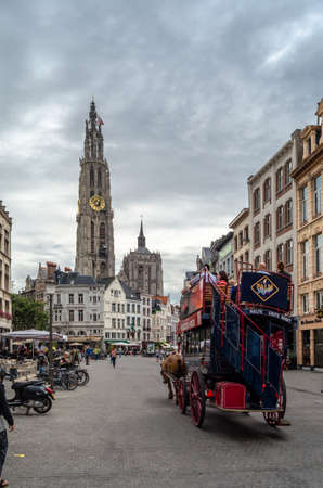 ANTWERP, BELGIUM - AUGUST 22, 2013: Tourists in a horse-drawn carriage in the Grote Markt (Great Market Square) of Antwerp, Belgium
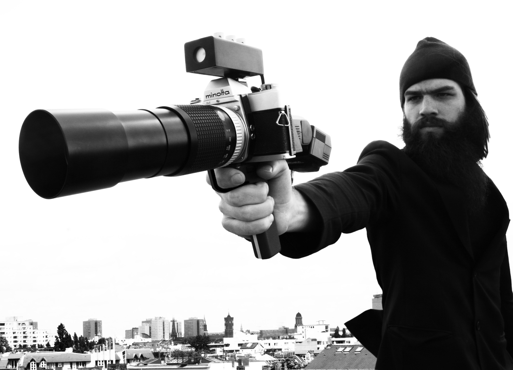 Another great invention is his Fulgurator, a camera who projects images via a flash trough its lens in response of other flashs. This results in the desired image is shown on the images of the photographer “who flashed” to take a picture. Hard to explain and understand but watch his youtube video to understand the witty apparatus.
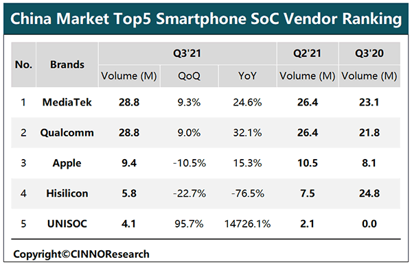 根據(jù) CINNO Research 最新報告,預(yù)測 2021 年全年中國智能機(jī) SoC 市場中聯(lián)發(fā)科為最大處理器廠商,市場占比預(yù)計增至 36%,高通預(yù)計增至 35%;中國 5G 智能機(jī)市場中高通則為最大處理器廠商,市場占比預(yù)計增至 37%,聯(lián)發(fā)科市場占比預(yù)計增至 34%。
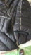 Chic black quilted jacket. Features a cozy hood and white trim accents.
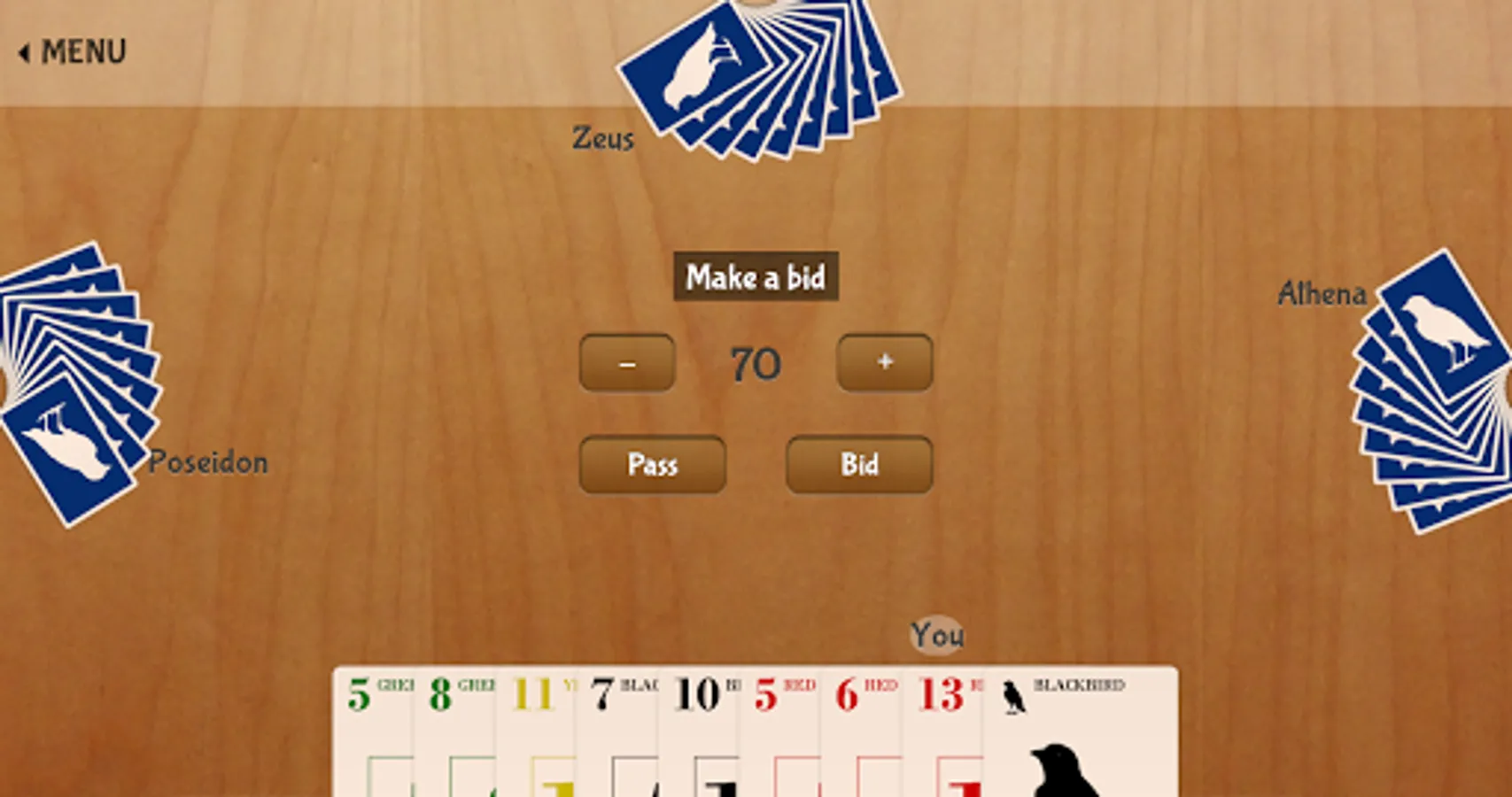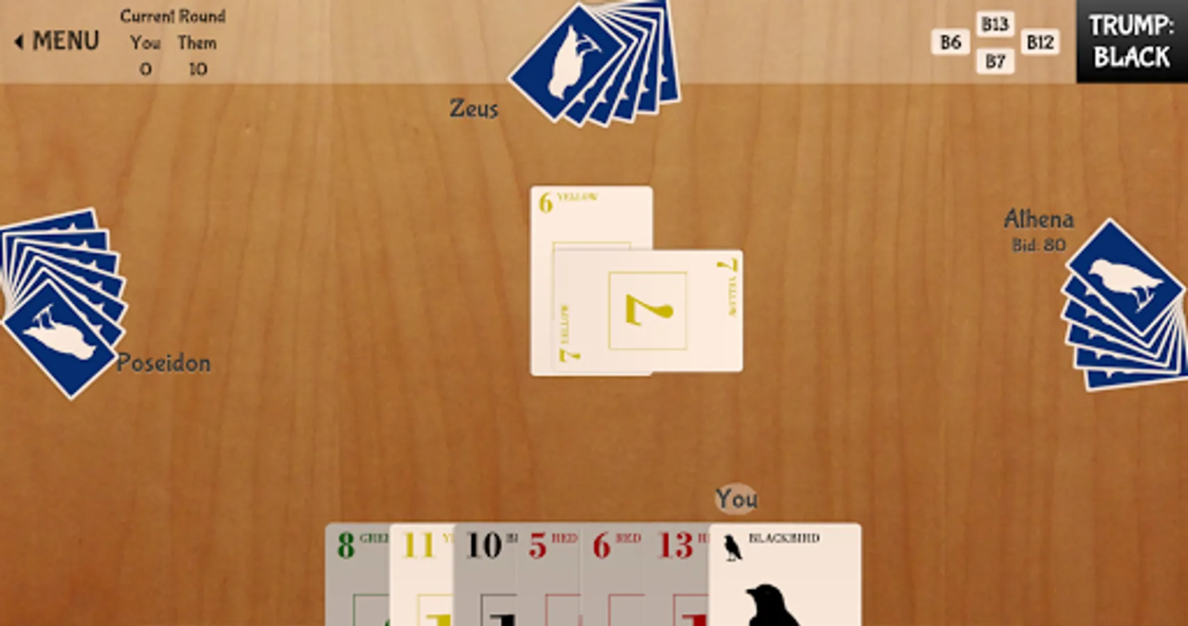 Compete against the computer in this classic trick-taking game. Bid competitively for the chance to declare trump. Take tricks with pointers to reach your bid or you’ll get set!
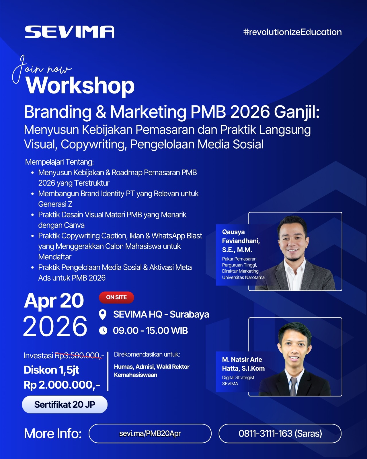 Workshop Branding dan Marketing PMB 2026 Ganjil: Menyusun Kebijakan Pemasaran dan Praktik Langsung Visual, Copywriting, Pengelolaan Media Sosial
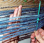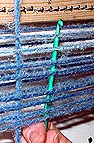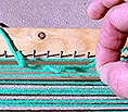 Reaching up through the warps to snag the loose yarn
########################################
### ABOUT THIS EXERCISE
Every line of the material must be reproduced verbatim; the pictures are to be omitted.

### COMPLETED TASK
 ANTWERP, BELGIUM - AUGUST 22, 2013: Tourists in a horse-drawn carriage in the Grote Markt (Great Market Square) of Antwerp, Belgium
 Another great invention is his Fulgurator, a camera who projects images via a flash trough its lens in response of other flashs. This results in the desired image is shown on the images of the photographer “who flashed” to take a picture. Hard to explain and understand but watch his youtube video to understand the witty apparatus.
 根據(jù) CINNO Research 最新報告,預(yù)測 2021 年全年中國智能機(jī) SoC 市場中聯(lián)發(fā)科為最大處理器廠商,市場占比預(yù)計增至 36%,高通預(yù)計增至 35%;中國 5G 智能機(jī)市場中高通則為最大處理器廠商,市場占比預(yù)計增至 37%,聯(lián)發(fā)科市場占比預(yù)計增至 34%。
 Chic black quilted jacket. Features a cozy hood and white trim accents.
 Compete against the computer in this classic trick-taking game. Bid competitively for the chance to declare trump. Take tricks with pointers to reach your bid or you’ll get set!
 Workshop Branding dan Marketing PMB 2026 Ganjil: Menyusun Kebijakan Pemasaran dan Praktik Langsung Visual, Copywriting, Pengelolaan Media Sosial
 Reaching up through the warps to snag the loose yarn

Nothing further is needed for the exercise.